Une autodestruction complète en moins de 2 heures

Les robots se dégradant immédiatement après une interaction environnementale sont appelés « robots transitoires passifs ». Contrairement à ces derniers, les robots transitoires à la demande initient leur autodestruction de manière contrôlée et conservent leur intégrité fonctionnelle pendant leur temps d’activation. Celui des chercheurs de Séoul est conçu à partir d’un matériau élastomère de silicone non durci (une résine de silicone), au sein duquel est distribué un hexafluorophosphate de diphényliodonium photoinduit, générateur de fluorure (DPI-HFP).

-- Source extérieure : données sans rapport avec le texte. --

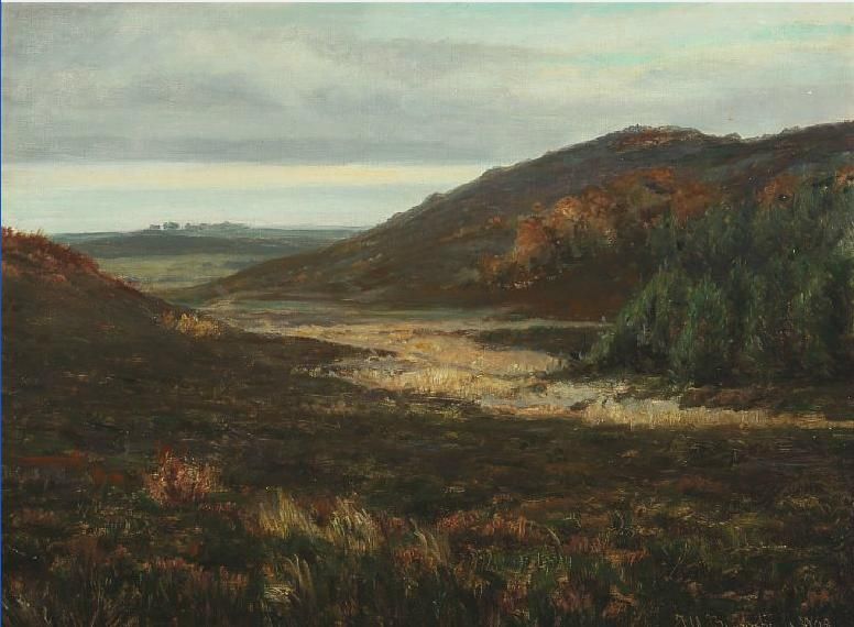 Hilly heather landscape.
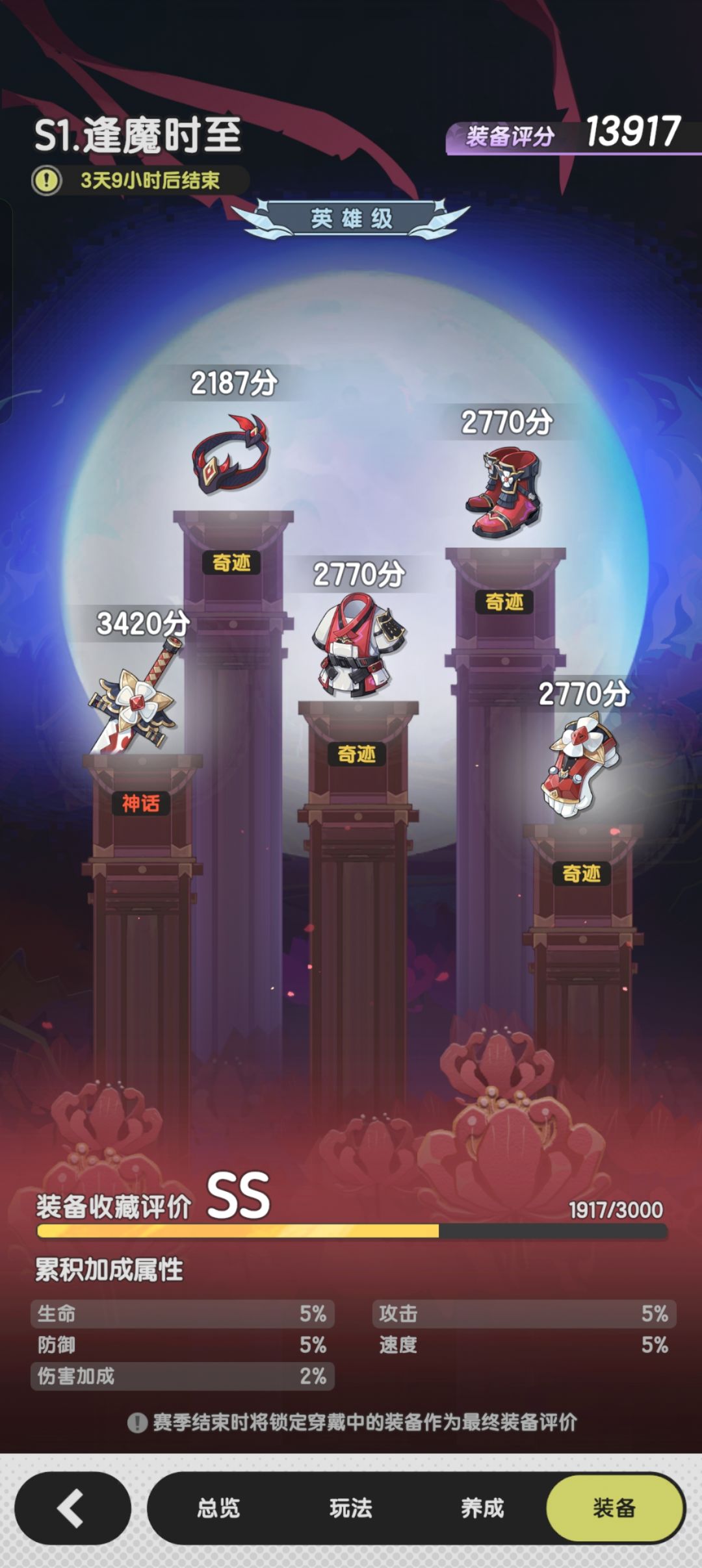 装备这一部分,我本来不想追sss评分,因为你做两件红装要200个碎片,如果你卖碎片能卖接近1w晨星,我认为对于我们低氪斗士来说用接近1w晨星去追一个2%的伤害抵抗是比较亏的,但是进噩梦第一天给我爆了一把红色大剑,就干脆追sss评分了。距离s1结束还有3天,还可以打两天的副本,第三天屯次数,这两天保底掉落64个红碎,手里还有36红碎,刚好能再和一件红装,完美!

En étant exposé à la lumière UV par le biais de petites LED intégrées — dont l’activation est contrôlée, le matériau en silicone libère des ions fluorures (F ), permettant à l’ensemble de la structure de se désintégrer instantanément. Notamment, mise à part l’hyperélasticité et la simplicité de traitement des résines de silicone, le duo DPI-HFP-silicone est une plateforme transitoire à la demande. Sous l’effet d’une stimulation UV, les liaisons Si-O-Si sont clivées par le biais des ions F, déstructurant l’ensemble du squelette, selon le rapport détaillé dans Science Advances.

Afin de tester leur dispositif, les chercheurs de l’étude ont simulé un exercice de reconnaissance en l’équipant avec différents appareils électroniques, tels que des capteurs de contraintes externes (température et UV). La morphologie du robot a été modelée à l’intérieur d’un moule en acide polylactique (un polymère biodégradable), au sein duquel le mélange DPI-HFP-silicone a été durci à 60 °C, pendant 30 minutes.

Le processus d’autodestruction est enclenché en activant les LED UV (à longueur d’onde de 365 nanomètres), puis en induisant une température de fusion à 120 °C pendant 60 minutes. Le système se désintègre depuis sa base, en ne laissant derrière lui qu’un résidu huileux comprenant des composites de silicone et des composants électroniques à couche mince et non fonctionnels. L’ensemble se dégrade complètement en moins de deux heures.

Non seulement cette nouvelle technique permet de réduire les déchets robotiques, mais elle offre également une garantie de sécurité ainsi qu’un moyen d’exploration de zones à haut risque, telles que les fonds marins ou les milieux radioactifs.